Ной наблюдал за мной, сидя под высоким дубом у воды. Вокруг него, словно звуковые круги, танцевали синие отражения, а зеленое свечение деревьев выглядело так, будто целая Ирландия рассеялась в тумане. Обрамляя его, с низко свисающих ветвей фикуса тянулся мох, похожий на бороду самогонщика. Судя по постукиванию пальцев и по тому, как Ной смотрел мне в глаза, мне показалось, что ему скучно.

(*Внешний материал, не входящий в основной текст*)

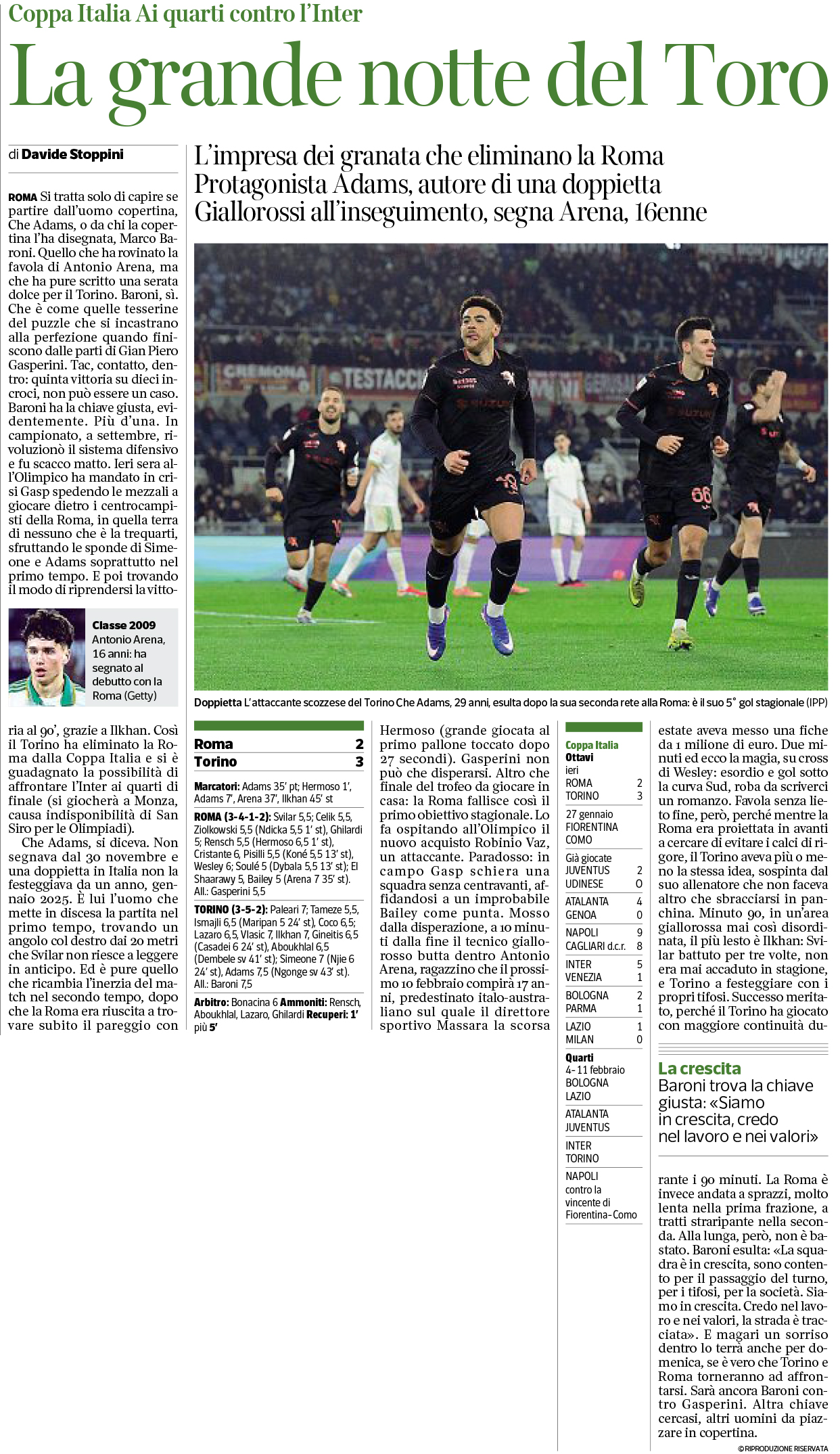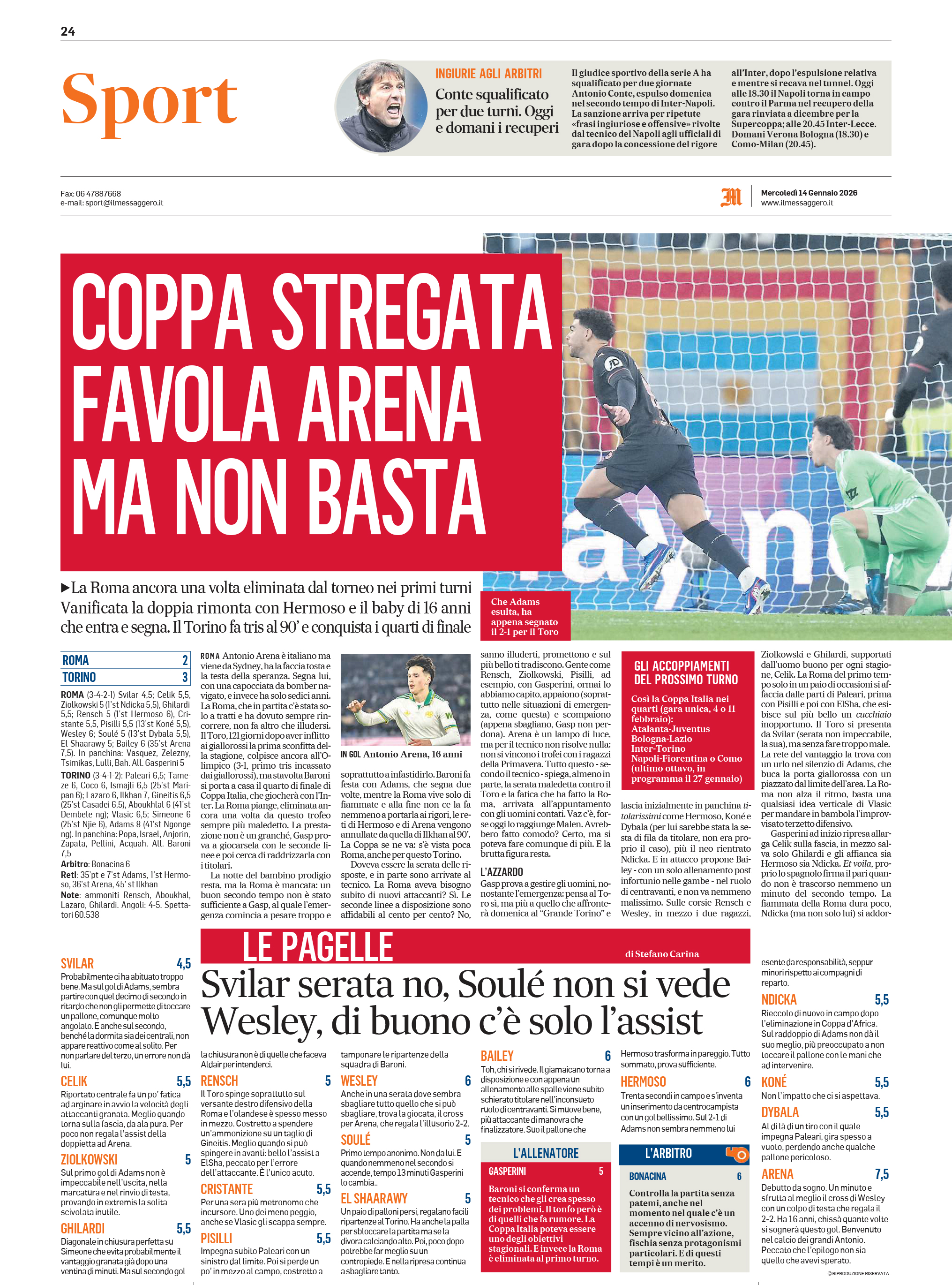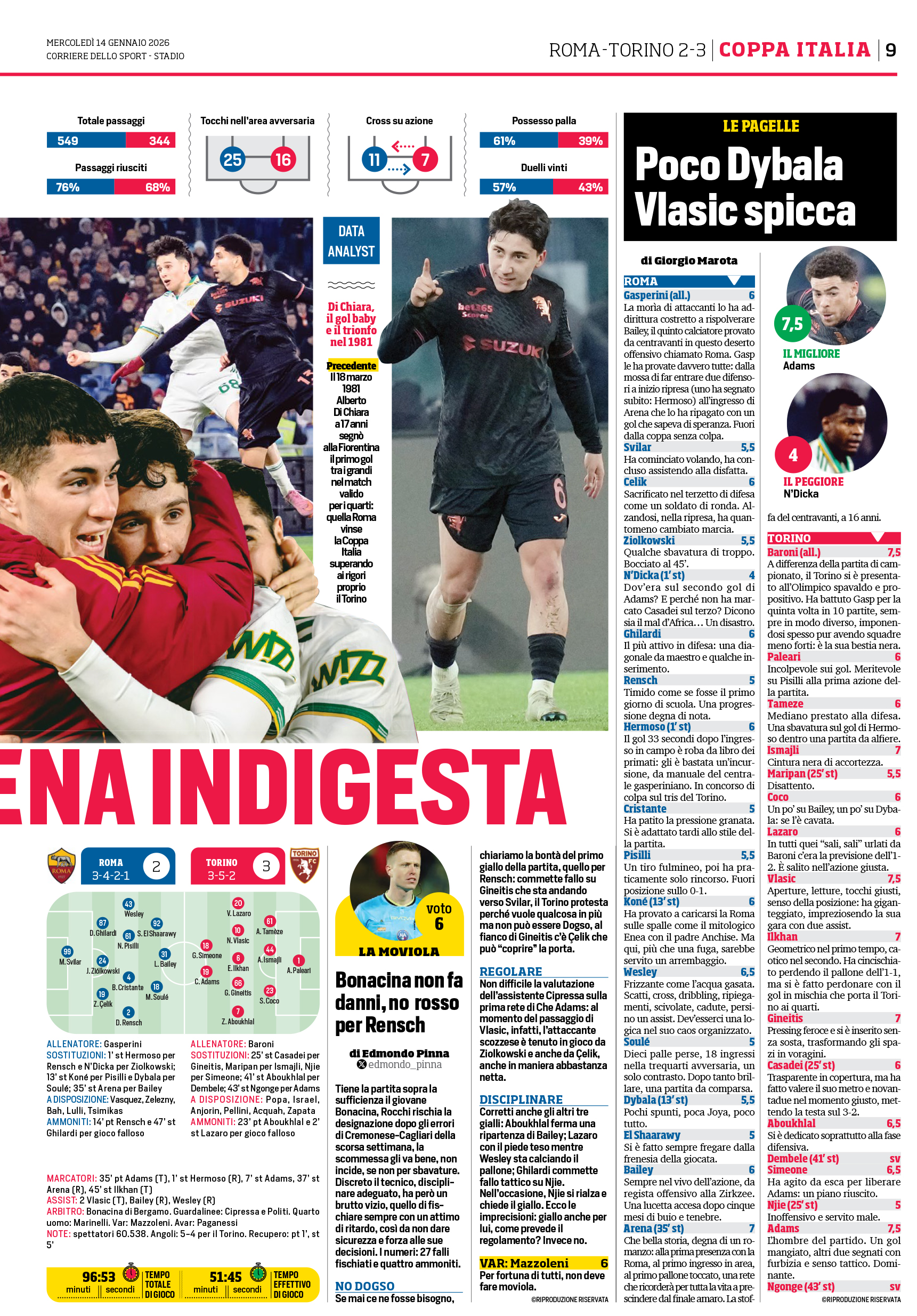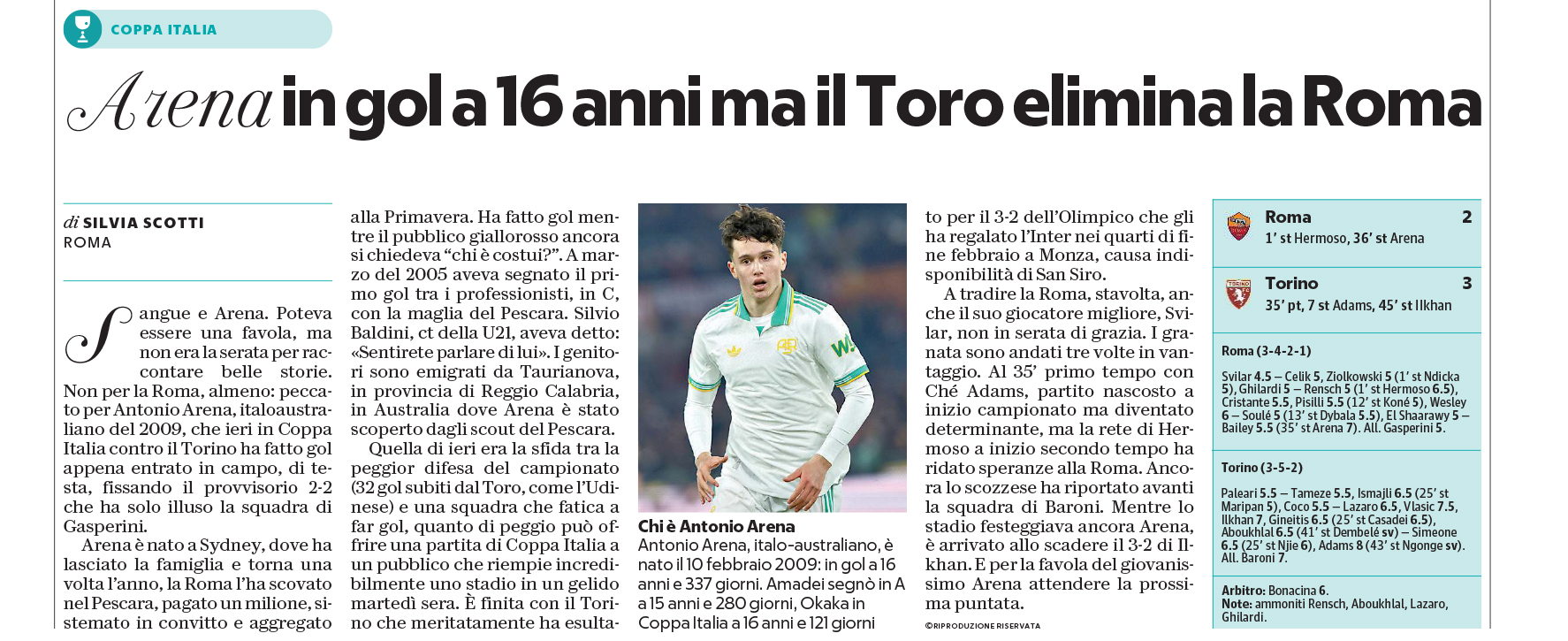 Cristante, 61 Pisilli (56′ Koné), 43 Wesley; 92 El
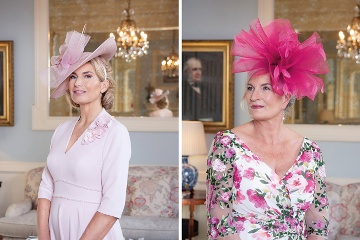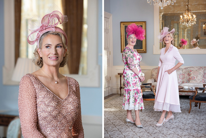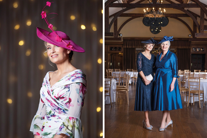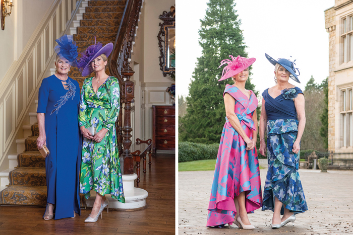 Sharon (on right) wears: Crepe and organza fitted dress, £659, and matching hatinator, £285, both Bentleys. Wild Grasses cubic zirconia bracelet, £296, and Wild Grasses drop earrings, £101, both Sheila Fleet. Shoes, model’s own, all as before.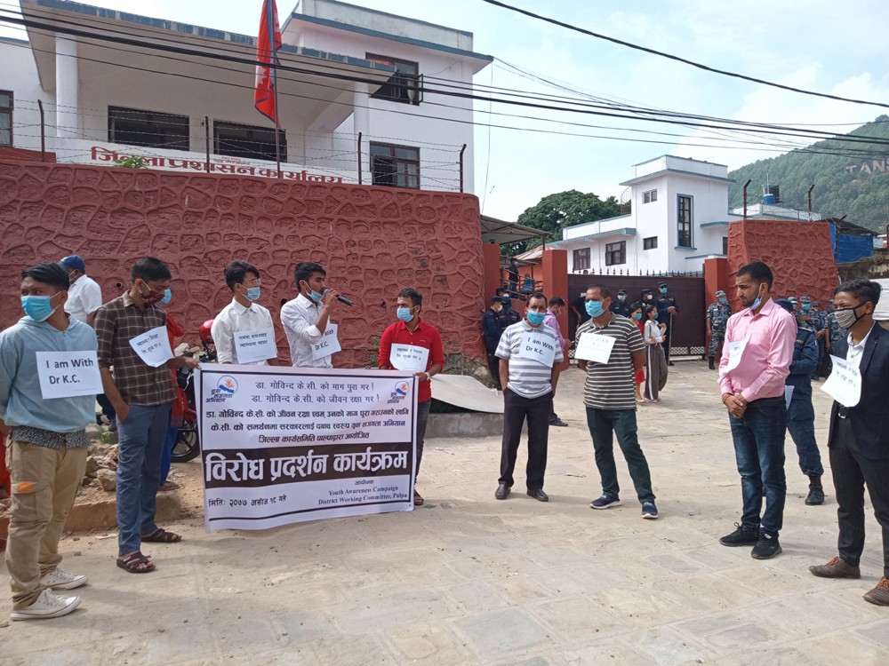पाल्पा । स्वास्थ्य सेवा र शिक्षामा सुधार माग गर्दै अनशन बसेका सत्याग्रही डा. गोविन्द केसीको समर्थनमा पाल्पाली युवाहरुले जिल्ला प्रशासन कार्यालय अगाडि प्रदर्शन गरेका छन् । अनसनको २१ औ दिन पुगीसक्दा पनि सरकारले कुनै चासो नदेखाएको भन्दै युवा सजगता अभियान पाल्पाले आइतबार प्रदर्शन गरेको हो ।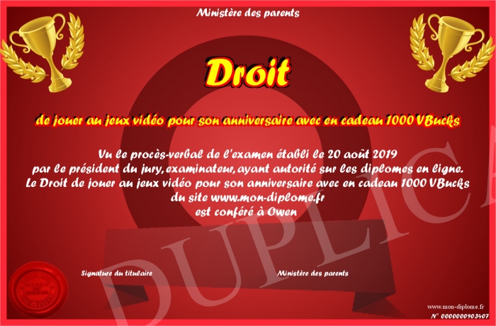 Envoyez par email votre Droit de jouer au jeux vidéo pour son anniversaire avec en cadeau 1000 VBucks personalisé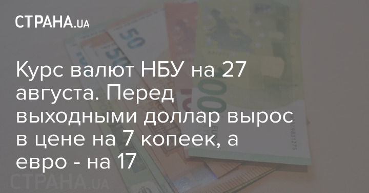 Такие данные обнародовал Национальный банк Украины, установив официальный курс валют на пятницу, 27 августа, и на ближайшие выходные дни.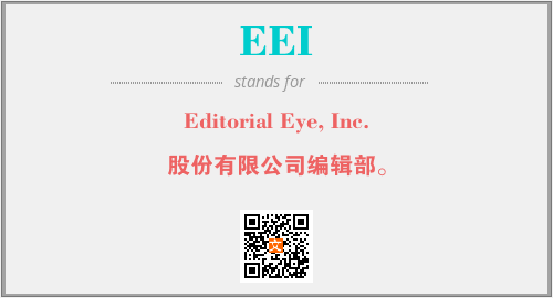 上述内容是“Editorial Eye, Inc.”作为“EEI”的缩写,解释为“股份有限公司编辑部。”时的信息,以及英文缩略词EEI所代表的英文单词,其对应的中文拼音、详细解释以及在英文中的流行度和相关分类、应用领域及应用示例等。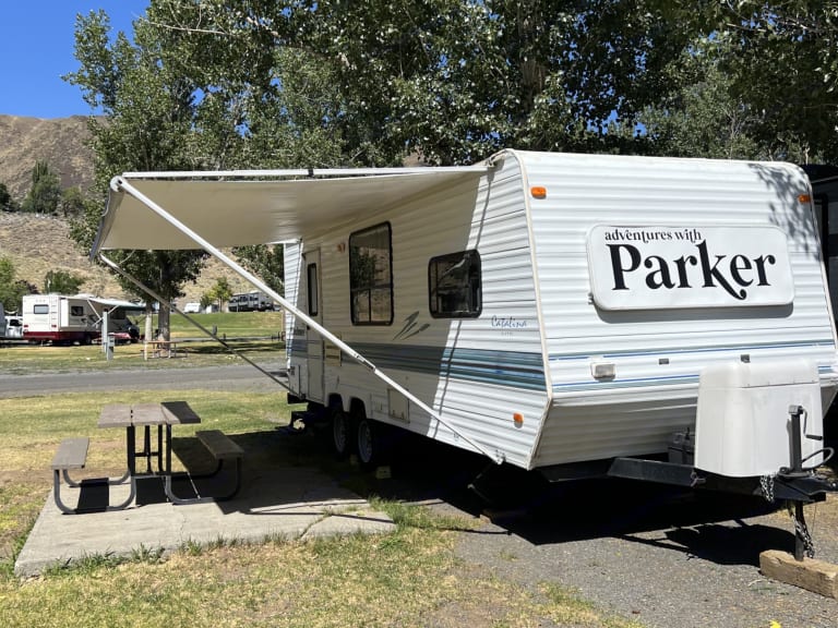 Step into the charm of glamping with Parker, our beautifully renovated 1999 Coachman Catalina. This adorable RV combines style and comfort, making it the perfect home on wheels for your next getaway.Rental Options: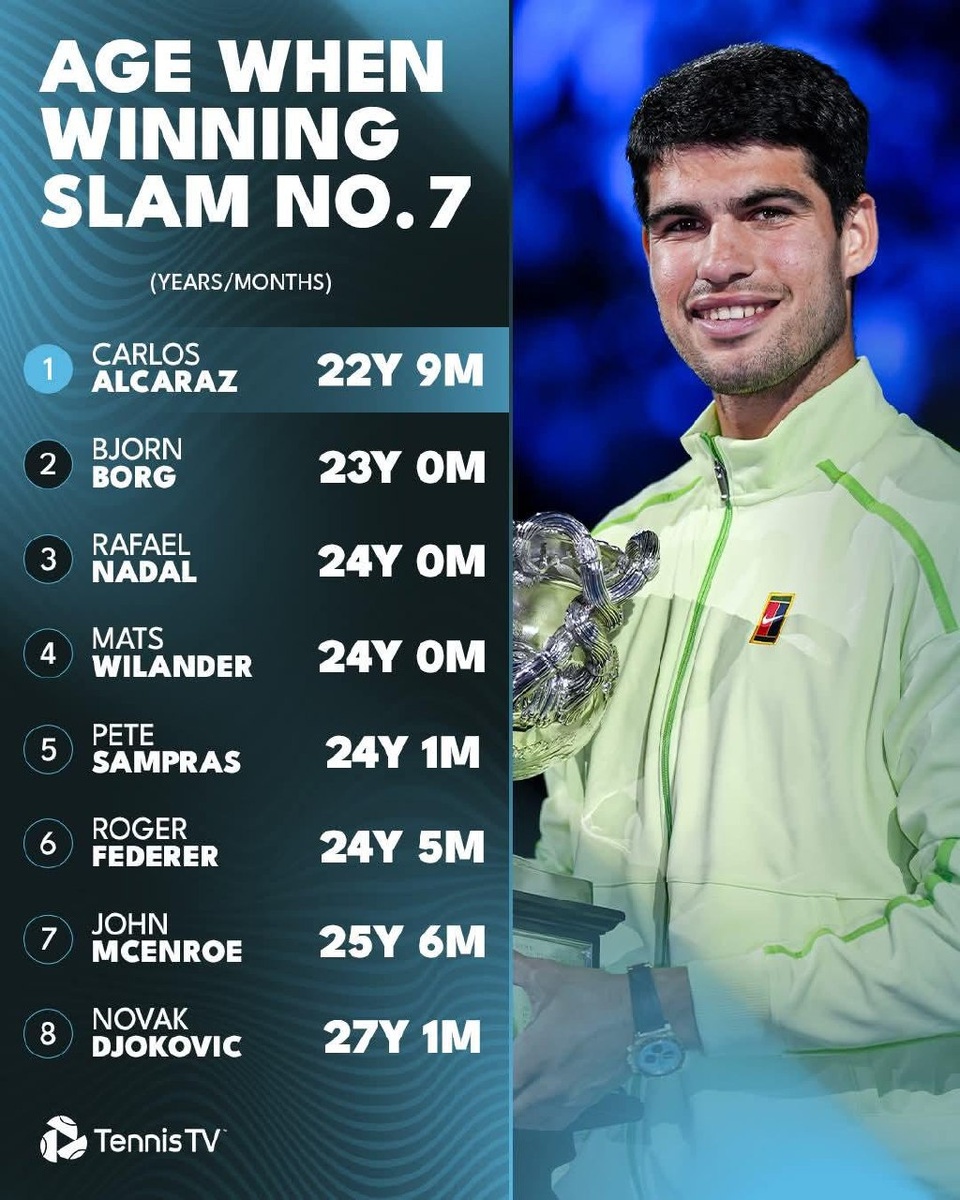 🎾 Возраст, в котором выиграли 7-й шлем: 1) Надаль - 22 года 9 месяцев 2) Борг - 23 года 3) ??? - 23 года 9 месяцев 4) Виландер - 24 года 5) Сампрас - 24 года 1 месяц 6) Федерер - 24 года 5 месяцев 7) Макинрой - 25 лет 6 месяцев 8) Джокович - 27 лет 1 месяц Подпишись на Эйс и точка

– Вивьен, ты спросила, почему я выбрал именно это место. Когда я был священником, я тяжело трудился каждый день, я думал, я слушал. Думал, думал, думал и читал. Я любил учиться, очень. Не пойми меня неправильно. Я надеюсь, что помог хоть кому-то. Если бы я снова мог выбрать жизненный путь, я ничего не изменил бы. Но весь этот анализ реальных и нереальных, осязаемых и небесных вещей… Бесконечные обдумывания каждого слова, написанного в Библии. Ах, вечные исследования слов, их эволюции и значений. И так далее. Сплошные исследования. Сплошное письмо.
Когда Лаклан замолчал, чтобы сделать вдох, я вспомнила свою редакторскую работу и монотонные дни, проведенные в анализе и замене слов автора. Перефразирование одного-единственного ключевого предложения иногда требовало часов раздумий, поисков нужных слов, ссылки на мой верный, как пес, Тезаурус[3] и целую упаковку красных ручек. Добавишь слово «бип» на страницу и случайно добавишь технологический подтекст, хотя автор ничего подобного не имел в виду.
– Однажды летом я отдыхал в домике у озера у другого священника из Нью-Гэмпшира. Целую неделю мы ловили рыбу нахлыстом на озере Аппер Санкук. Утром первого дня я проснулся раньше своего друга. Вот этого, у костра, священника, который ведет учет удочек.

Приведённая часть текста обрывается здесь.